The full listing, minus its pictures, should be printed again exactly as it stands.

The data:

"""

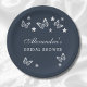 Personalise this whimsically elegant bridal shower paper plate, designed to elevate your celebration with a touch of boho chic charm. Against a sophisticated navy blue background, delicate white butterflies flutter gracefully, adding an air of whimsy and femininity to your festivities. The chic contrast of navy blue and pristine white creates a striking backdrop, while charming white daisy flowers bloom, lending a bohemian flair to your table setting. These paper plates effortlessly blend elegance with a relaxed, boho-inspired vibe, perfect for the modern bride-to-be. Whether you're hosting an intimate gathering or a lavish affair, these plates are sure to enchant your guests with their understated beauty and refined style.
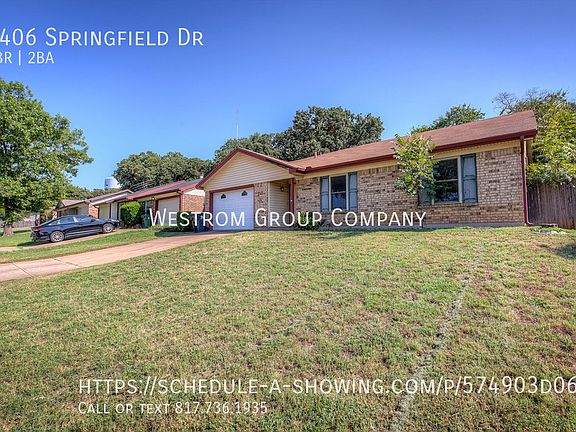 Welcome to this inviting 3-bedroom, 2-bathroom, single-story home in Arlington ISD. Step inside to an open floor plan featuring a cozy living room with a brick fireplace and vaulted ceilings, perfect for relaxing or entertaining. The galley kitchen offers built-in cabinets, dual sinks, a refrigerator, an electric range, and a pantry, with a bright breakfast room just steps away. The primary suite includes its own bathroom, while two additional bedrooms share a second full bath with built-in cabinets. The utility area in the garage has space for a full-sized washer and dryer. Enjoy outdoor living in the large wood-fenced backyard, complete with a spacious covered deck. A 2-car single-door garage adds convenience, and the front yard brings great curb appeal. This home combines comfort and function in a sought-after location, don't miss it!
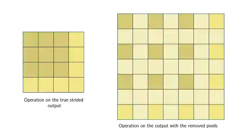 步幅卷积背后的想法是我们只滑动固定距离的间隔,并跳过中间的网格。

"""

Output of the task:
 Personalise this whimsically elegant bridal shower paper plate, designed to elevate your celebration with a touch of boho chic charm. Against a sophisticated navy blue background, delicate white butterflies flutter gracefully, adding an air of whimsy and femininity to your festivities. The chic contrast of navy blue and pristine white creates a striking backdrop, while charming white daisy flowers bloom, lending a bohemian flair to your table setting. These paper plates effortlessly blend elegance with a relaxed, boho-inspired vibe, perfect for the modern bride-to-be. Whether you're hosting an intimate gathering or a lavish affair, these plates are sure to enchant your guests with their understated beauty and refined style.
 Welcome to this inviting 3-bedroom, 2-bathroom, single-story home in Arlington ISD. Step inside to an open floor plan featuring a cozy living room with a brick fireplace and vaulted ceilings, perfect for relaxing or entertaining. The galley kitchen offers built-in cabinets, dual sinks, a refrigerator, an electric range, and a pantry, with a bright breakfast room just steps away. The primary suite includes its own bathroom, while two additional bedrooms share a second full bath with built-in cabinets. The utility area in the garage has space for a full-sized washer and dryer. Enjoy outdoor living in the large wood-fenced backyard, complete with a spacious covered deck. A 2-car single-door garage adds convenience, and the front yard brings great curb appeal. This home combines comfort and function in a sought-after location, don't miss it!
 步幅卷积背后的想法是我们只滑动固定距离的间隔,并跳过中间的网格。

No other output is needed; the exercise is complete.